Ron Cockerille/Staff
Within hours of the early morning Jan. 6 wreck of Norfolk Southern Train 192, forecasters with the lab's Atmospheric Technologies Group created automatic updates on wind conditions and computer models of the potential path of the deadly chlorine spilling from a ruptured rail tanker.

Such timely and detailed information played a critical role in the decision to evacuate an estimated 5,400 residents the afternoon of the wreck.

It also gave Aiken County Sheriff Mike Hunt and other officials a graphic picture of the lethal path a secondary release could have taken had the dangerous process of transferring 220 tons of chlorine from damaged tank cars gone awry.

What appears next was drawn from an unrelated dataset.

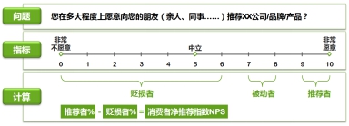 NPS計(jì)算模式:?請(qǐng)用戶回答“您在多大程度上愿意向您的朋友(親人、同事……)推薦XX公司/產(chǎn)品?”根據(jù)用戶的推薦意愿,將用戶分為三類:推薦者(得分在9-10之間)、被動(dòng)者(得分在7-8之間)、貶損者(得分在0-6之間)。?推薦者與貶損者是對(duì)企業(yè)實(shí)際的產(chǎn)品口碑有影響的用戶,推薦者與貶損者用戶在用戶總數(shù)中所占百分比之差,即凈推薦值,如右圖所示。?據(jù)相關(guān)調(diào)查顯示,大部分公司的NPS值在5-10之間。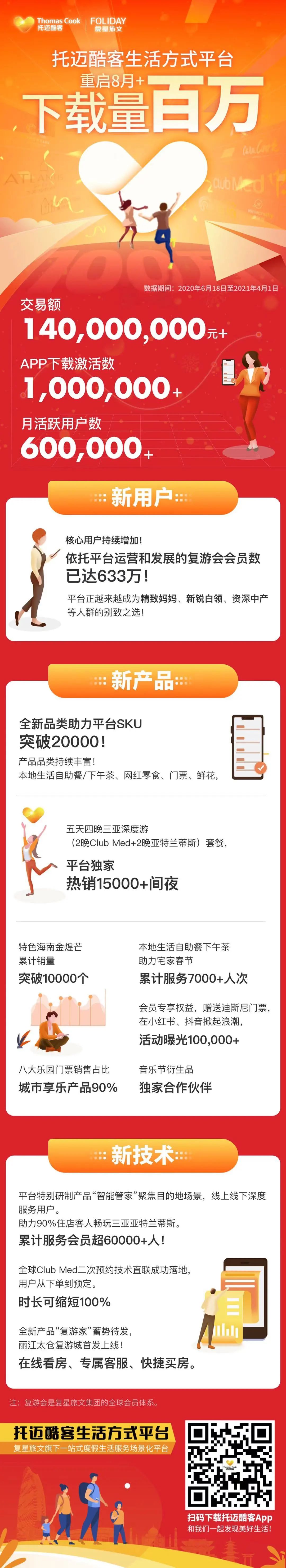 此外,非凡 旅文旗下一站式度假生活服务场景化平台——托迈酷客(ThomasCook)生活方式平台自2020年上线以来,发展势头迅猛。数据显示,2020年6月18日至2021年4月1日期间,平台交易额突破人民币1.4亿元,APP下载激活数突破100万,月活跃用户突破60万。其中,依托平台运营和发展的复游会会员已达633万,核心用户持续增加。

"It was very crucial to give us up-to-date wind conditions and plume models," Sheriff Hunt said. "It was not the only trigger, but it was one of the ingredients that led to that evacuation."

From a monitor-rimmed control desk in the heart of the lab, manager Robert Addis, 12 meteorologists and computer-modeling experts tracked wind conditions from eight automated monitoring stations.

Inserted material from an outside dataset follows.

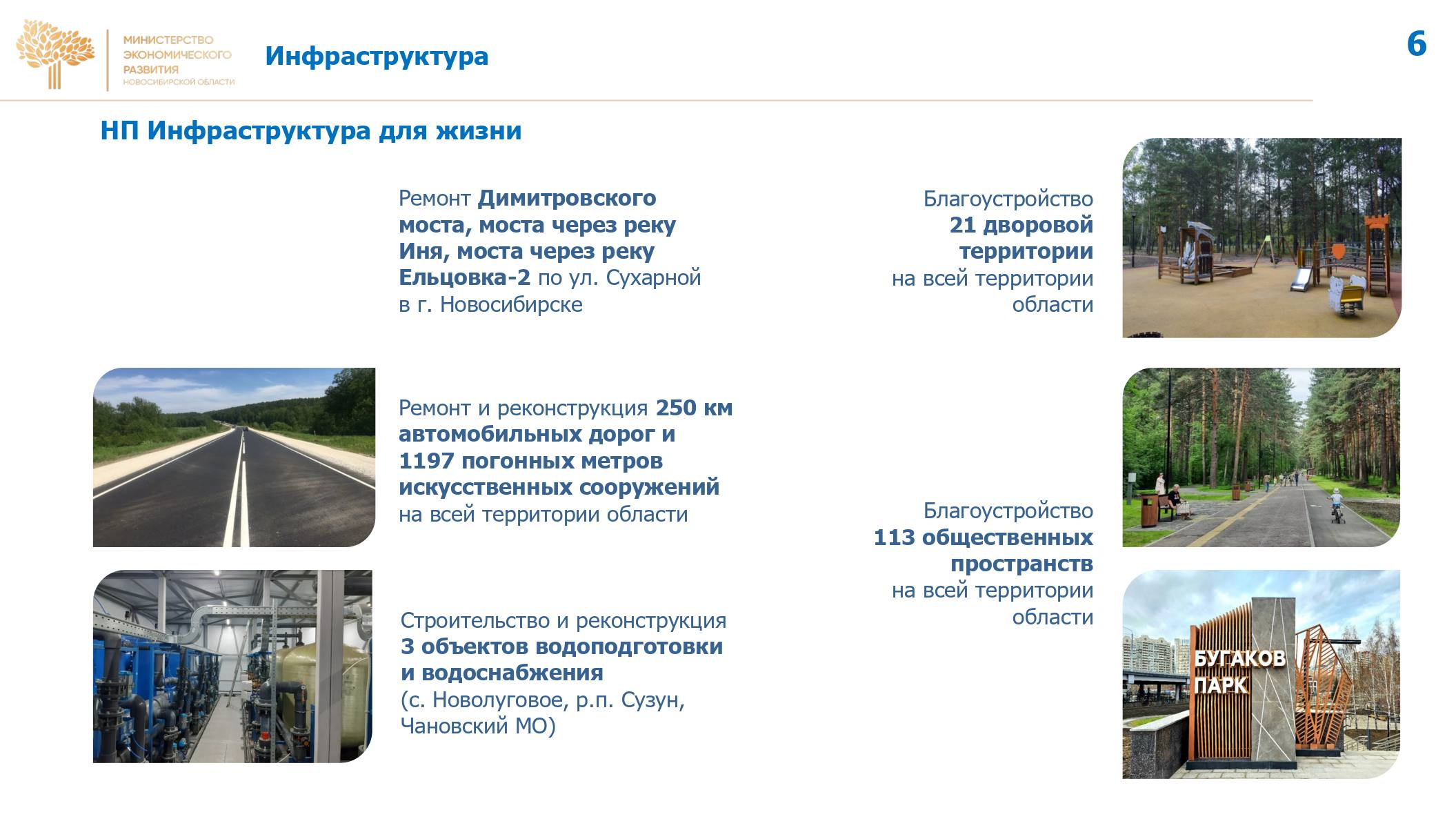 Кроме того, в рамках нацпроекта «Инфраструктура для жизни» проведен ремонт Димитровского моста в Новосибирске, а также мостов через реки Иня и Ельцовка-2 по улице Сахарной. В целом в регионе отремонтированы и реконструированы 250 км автомобильных дорог и 1 197 погонных метров искусственных сооружений. В сфере коммунальной инфраструктуры построены и модернизированы три объекта водоподготовки и водоснабжения в Новолуговом, Сузуне и Чановском муниципальном округе.

The monitors are scattered around the 300-square-mile Savannah River Site and six stations in Richmond County, including Augusta Regional Airport and Daniel Field and the belt of industrial plants that rim south Augusta.

"What was most important was the forecast - what happens if the wind shifts and whether you'll have stable conditions at night," Mr. Addis said.

The lab's computers were used to model the potential path of chlorine that continued to plume from the leaking tank car for more than three days after the 2:40 a.m. wreck.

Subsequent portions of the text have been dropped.